I have two dataframes lets say dfA and dfB.
dfA:
IdCol | Col2 | Col3
id1 | val2 | val3
dfB:
IdCol | Col2 | Col3
id1 | val2 | val4
The two data frames join in IdCol. I want to compare them per row and keep columns different and the their values in another dataframe. For example from the two above dataframes I want a the result:
dfChanges:
RowId | Col | dfA_value | dfB_value |
id1 | Col3 | val_3 | val_4 |
I am kinda stuck on how to do this. Can anyone provide a direction? Thanks in advance
EDIT
My try is this. But its not very clear or has good performance. Is there a better way to do it?
dfChanges = None
#for all column excpet id
for colName in dfA.column[1:]:
#Select whole columns of id and targeted column
#from both datasets and subtract to find differences
changedRows = dfA.select(['IdCol',colName]).subtract(dfB.select(['IdCol',colName]))

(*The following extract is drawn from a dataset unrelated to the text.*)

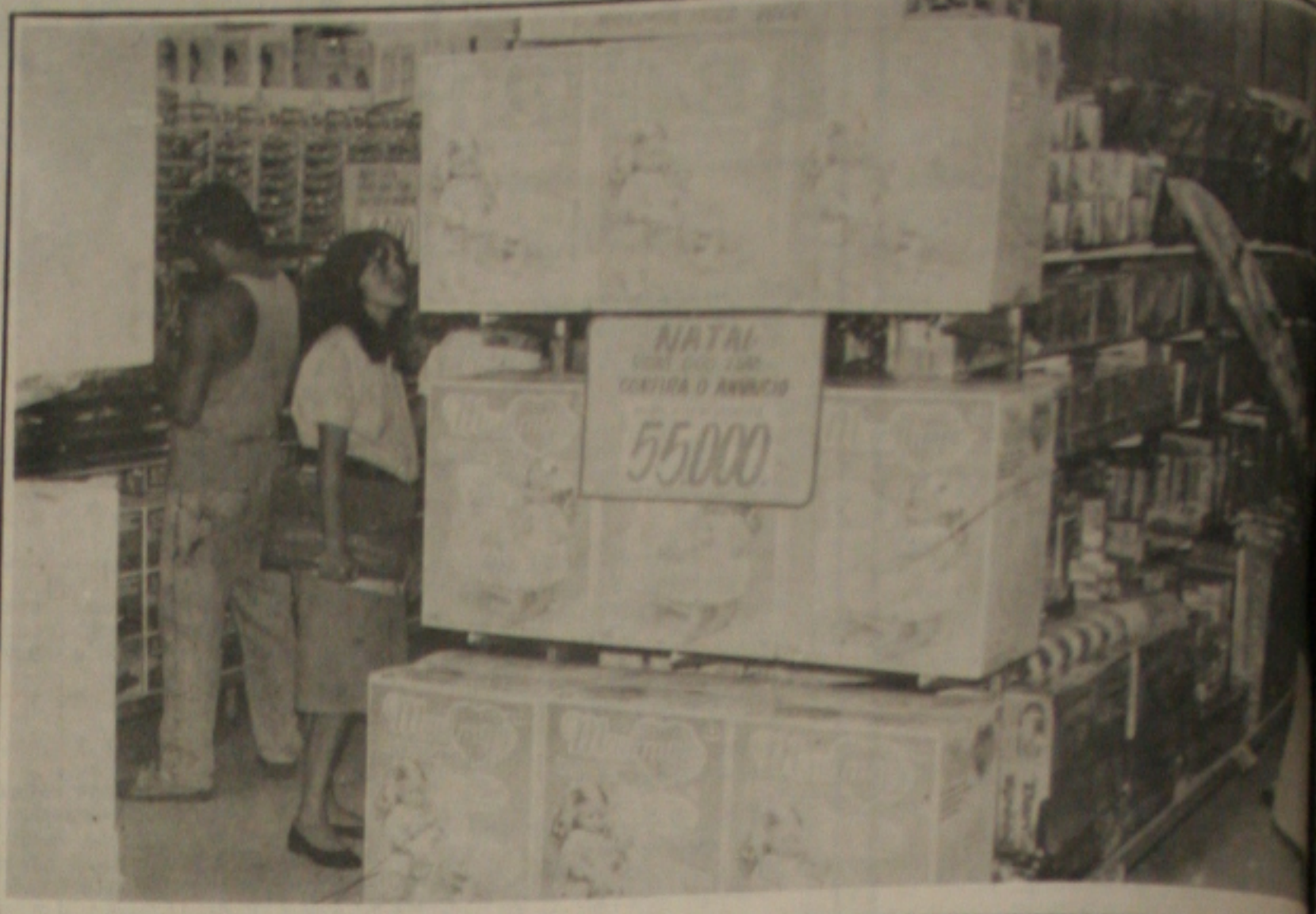
As vendas no comércio têm melhorado muito nestes primeiros dias de dezembro

"Quanto custa uma banana no Brasil? Nenhum brasileiro tem a resposta. Nem o Ministro da Fazenda". Do "The Wall Street Journal", em nota de primeira página, edição de quinta-feira.

#Join with dfB to take the value of targeted column from there
temp = changedRows.join(dfB.select(col('IdCol'),col(colName).alias("dfB_value")),dfA.IdCol == dfB.IdCol, 'inner'). \
drop(dfB.IdCol)
#Proper Rename columns
temp = temp.withColumnRenamed(colname,"dfA_value")
temp = temp.withColumn("Col",lit(colName))
#Append to a single dataframe
if (dfChanges is None):
dfChanges = temp
else:
dfChanges = dfChanges.union(temp)